By Lise Alves, Senior Contributing Reporter

SÃO PAULO, BRAZIL – The government of Brazil announced on Monday (October 16th) that it was changing the definition of slave labor in the country. The decision was met with criticism from politicians, labor entities, human rights advocates and even the United Nation’s International Labor Organization (ILO).

Brazil,Rural laborers are the ones most in danger of falling into slave labor,
Rural laborers are the ones most in danger of falling into slave labor, photo by Cicero Omena/Flickr

“Brazil, as of today, is no longer a reference in the fight against slavery that was being held in the international community,” said Antonio Rosa, ILO representative in Brazil and coordinator of the Program to Combat Slave Labor told reporters.

The new rules determined by the Ministry of Labor, include, among other things, that in order to be considered degrading labor conditions, it is necessary that there be deprivation of the right to come and go.

In addition, the release of the names of those companies found to hire and maintain workers under degrading conditions will no longer be the responsibility of the Department of the Eradication of Slave Labor, but of the Ministry of Labor and will only be updated twice a year.

The criticism also came from President Temer’s allies. “This government once again meets the demands of the rural Congressional representatives, and changes the concept of slave labor in Brazil, making it difficult to catch companies in the act,” said on social media Carlos Bezerra Jr., São Paulo state representative from the PSDB party and responsible for the current São Paulo legislation on slave labor.
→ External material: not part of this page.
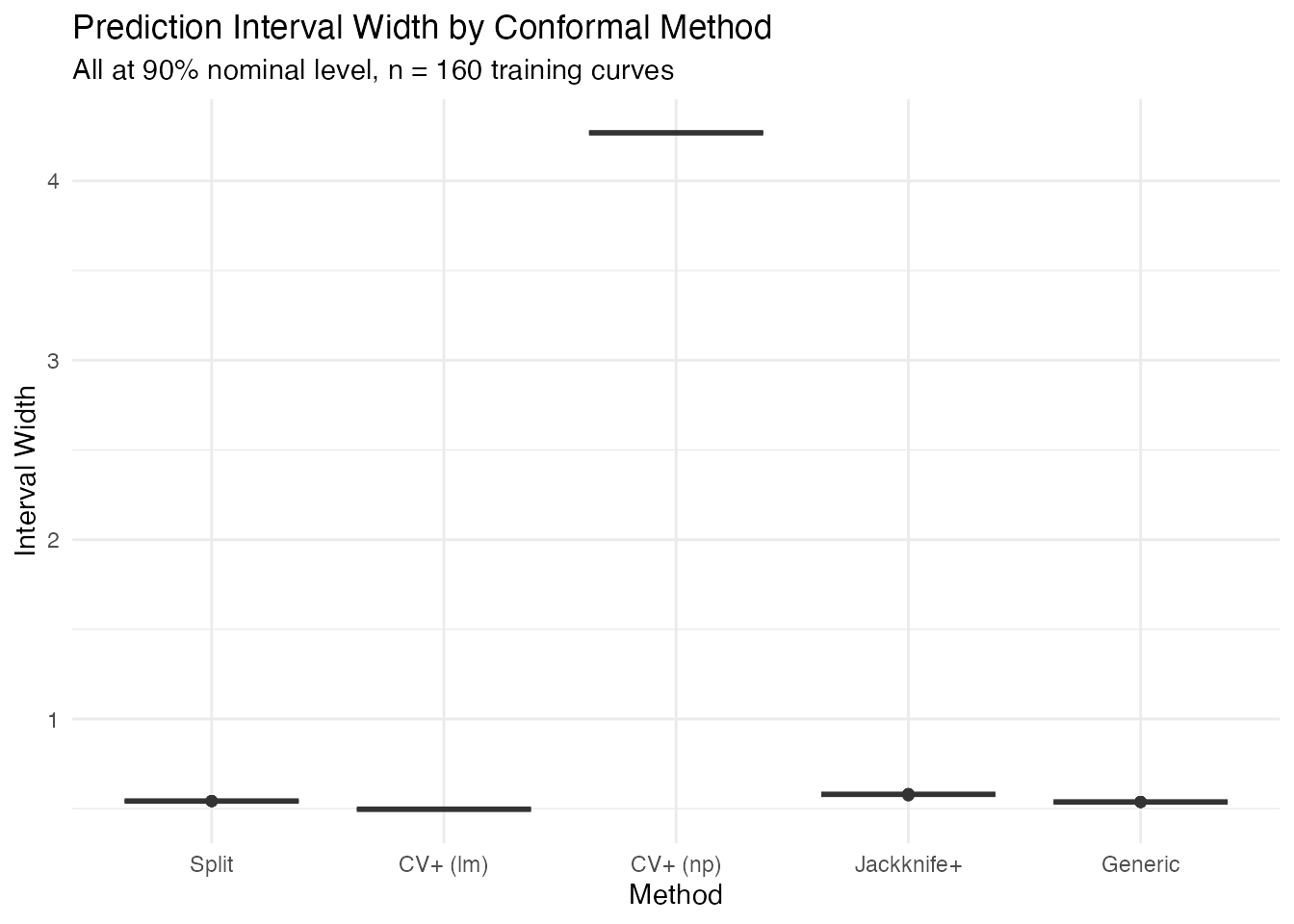 cal.fraction = 0.25and , you get 25 calibration points — sufficient for most cases. - CV+: effective with . All data contributes to both training and calibration.

For the national coordinator for the Federal Prosecutor’s Eradication of Slave Labor Division, Tiago Muniz Cavalcanti, the new rules violate both national legislation and international commitments signed by Brazil. “The government is holding hands with those who enslave.”

In a press release the Ministry of Labor, however, defended the changes stating that the new rules ‘improve and give legal security to the State’s action, providing the concepts of forced labor, exhaustive working hours and conditions analogous to slave labor’.
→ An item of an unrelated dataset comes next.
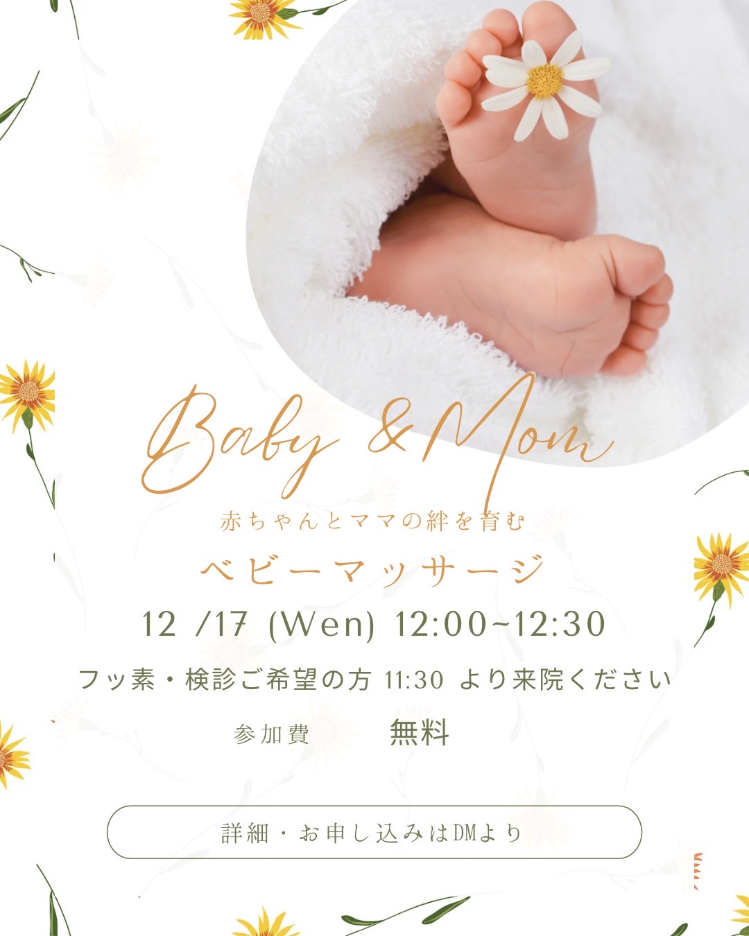 ♡ベビーマッサージのお知らせ♡ 2025/11/14 12月17日(水)12:00~ 無料ベビーマッサージ開催します!!(対象:1ヶ月健診後から一歳半ぐらいまで) 歯科健診、フッ素塗布ご希望の方は 11:30~ ※マイナンバーカードor資格確認書、子ども医療証 をお持ちください。 052-777-5788 までお問い合わせください。 ご参加お待ちしております!! 共有:Facebook

“The fight against slave labor is a permanent public policy of State, which has received all the administrative support of this Ministry, with concrete positive results in relation to the number of rescues, and in inhibiting criminal practices of this nature, which offend the most basic principles of dignity of the human person,” read the statement.

Labor entities and human rights groups say they plan to demonstrate against the decisions made by the Temer Administration.